Is your Health System Team Ready for What’s Next? A Recession or More Malaise?

By Adam Davis, Vice President, and Brent McDonald, Managing Director, Juniper Advisory
Bart Walker, Partner, and Kayla McCann Marty, Partner, McGuireWoods

Today’s State of Affairs

Coming out of the pandemic, health systems in the US have been dealing with a prolonged period of operational disruption driven by increased labor costs, supply chain issues and soft patient volumes. During this same period, the broader US economy has generally remained resilient in the face of inflationary headwinds. Despite efforts by the Fed for a soft landing, many are forecasting a recession, begging the question as to how well-positioned hospitals are to withstand a potential recession while still wrangling with the lingering malaise of post-pandemic financial and operating woes. Below we attempt to outline focus areas that proactive management teams may want to prioritize as we enter the second half of 2023. A perfect storm is upon us: higher cost of current and new debt, diminished appetite by bond investors and banks to remain in the sector, inability to count on consistent investment returns during this volatile period, continuing significant fundamental operating challenges (i.e., labor cost escalation, payor mix deterioration, slow volume growth, etc.), and increased antitrust and regulatory scrutiny. This article explores how hospital system management teams and boards can position their organizations for success, regardless of what the future might hold.

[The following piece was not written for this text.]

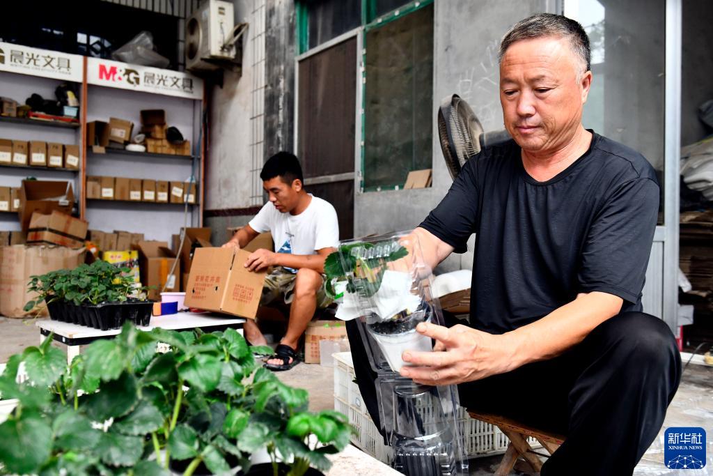 7月14日,在惠民縣石廟鎮柳編彭村,村民打包草莓苗,準備發(fā)快遞物流。
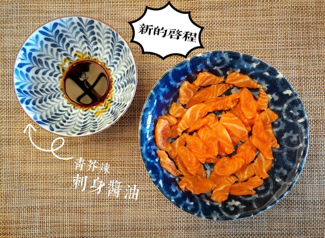 中午,巧妇难为无『菜』之炊的当下,惊喜发现冰箱零度保鲜层还剩余了一半的三文鱼。

Debt Markets Impact on Capital Spending

The days of easy money are behind us, making capital planning more difficult and cost structures more onerous for health systems. In the wake of the 2008 Great Recession, the Federal Reserve lowered benchmark interest rates to near-zero levels and purchased bonds, mortgages, and other assets to increase the money supply, resulting in a long period of cheap borrowing. However, as evidence that the cure sometimes is more painful than the disease, the US Fed has increased intrabank lending rates and caused the cost of bonds and bank debt to rise, contributing to the more than 200 basis point increase in 10-year treasury yields compared to the most favorable rates in 2020-2021.[1]

If a recession occurred in the near-term, it is difficult to determine how quickly, if at all, the capital markets could become favorable for health system borrowers again. Most of the distress in 2023 for the $4 trillion municipal bond market will come from hospitals and nursing homes[2], introducing new risk for health system bond buyers who might remain skittish about investing in the sector. Roughly $12 billion in hospital bonds are impaired, which is the most since 2008-2009, and both banks and bondholders are shrinking their holdings as bond values decline due to higher rates.[3] There has also been significant credit degradation across the rating spectrum over the last year. According to S&P Ratings, rating agency downgrades have outpaced upgrades by nearly 3-to-1,[4] making health system credit riskier, and thus more difficult for lenders to seamlessly jump back into the sector. As investors take more of a risk-off approach to the sector, debt profile management will be more challenging for organizations that face variable rate credit renewal risk and have scarcer refinancing opportunities for maturing obligations.

Because health systems are capital-intensive businesses and they rely heavily on debt as a construction funding source, increased borrowing costs could significantly impact the return on investment necessary to justify strategic and major capital projects while diluting operating income. Health system management teams will need to be more skillful with budgeting and resource allocation as they weigh any potential new construction projects. If management teams refocus their capital plans, they might prioritize investing in less capital-intensive ambulatory facilities that are leased from third party developers or considering joint venture structures that require lower initial capital commitments. Access to capital should also be expected to exacerbate the gap between well-capitalized high performing systems and typically smaller systems that made it through the pandemic but with diminished resources.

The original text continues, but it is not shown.